Panna Bartha
- Country (sports): Hungary
- Born: 14 May 2004 (age 21) Pécs, Hungary
- Plays: Right-handed
- College: Florida Atlantic
- Prize money: $14,874

Singles
- Career record: 33–31
- Career titles: 1 ITF
- Highest ranking: No. 849 (15 January 2024)
- Current ranking: No. 868 (15 July 2024)

Doubles
- Career record: 20–20
- Highest ranking: No. 724 (22 July 2024)
- Current ranking: No. 730 (15 July 2024)

= Panna Bartha =

Hungarian tennis player (born 2004)

Panna Bartha (born 14 May 2004) is a Hungarian tennis player.

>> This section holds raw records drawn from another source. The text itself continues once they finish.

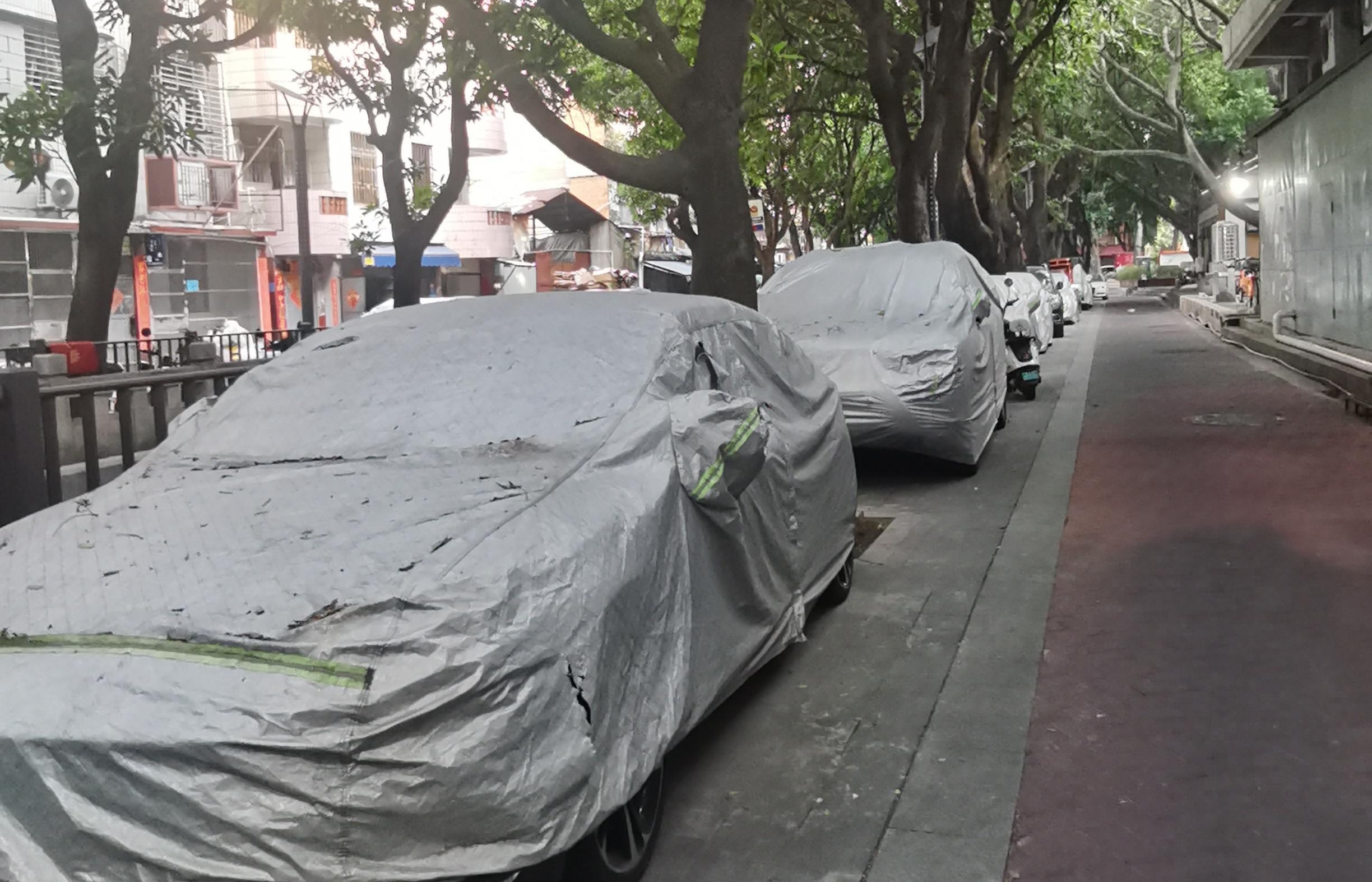 在这些违停车辆中,有二十余辆被银灰色车罩完全包裹,车罩表面积满厚厚的粉尘,落叶、杂物夹杂其间,部分车罩已撕裂破损,边角还粘连着泥土,显然已在此“安家”多日,长期未移动。
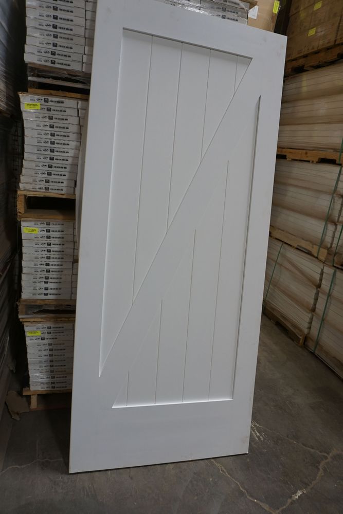 Interior, Primed Barn Door, 36"x84" Z Panel *See Description*. Has a Kerf, Barn Door Hardware is not included. Grade: 1st Quality *Please pay attention to photos, Door has slight fork damage.* *Any manufacturer warranties are NOT VALID with any purchase at our Auctions unless stated otherwise.. Weight: X. Sold by: Door. Sold as: Quantity x Price.
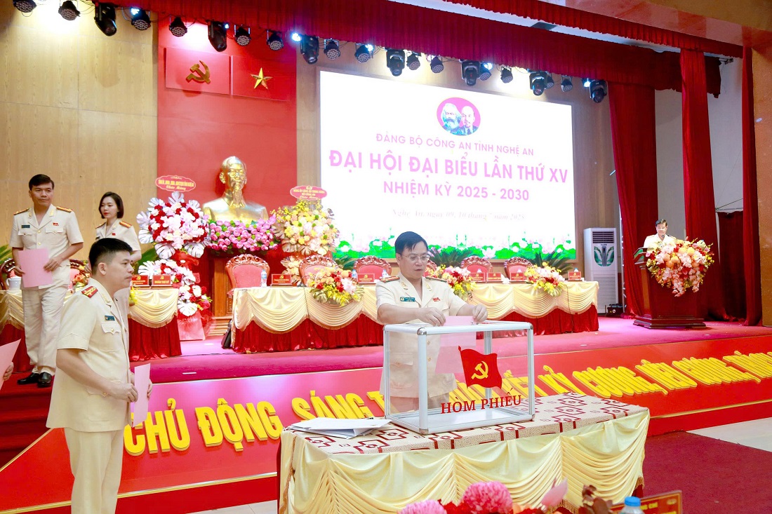 | Các đại biểu bỏ phiếu bầu Ban Chấp hành Đảng bộ Công an tỉnh Nghệ An khóa XV nhiệm kỳ 2025 - 2030 |

She has career-high WTA rankings of 849 in singles, attained on 15 January 2024, and 370 in doubles, achieved on 15 July 2024.

== Career ==

Bartha made her WTA Tour main-draw debut at the 2024 Budapest Grand Prix, where she received a wildcard into the doubles tournament.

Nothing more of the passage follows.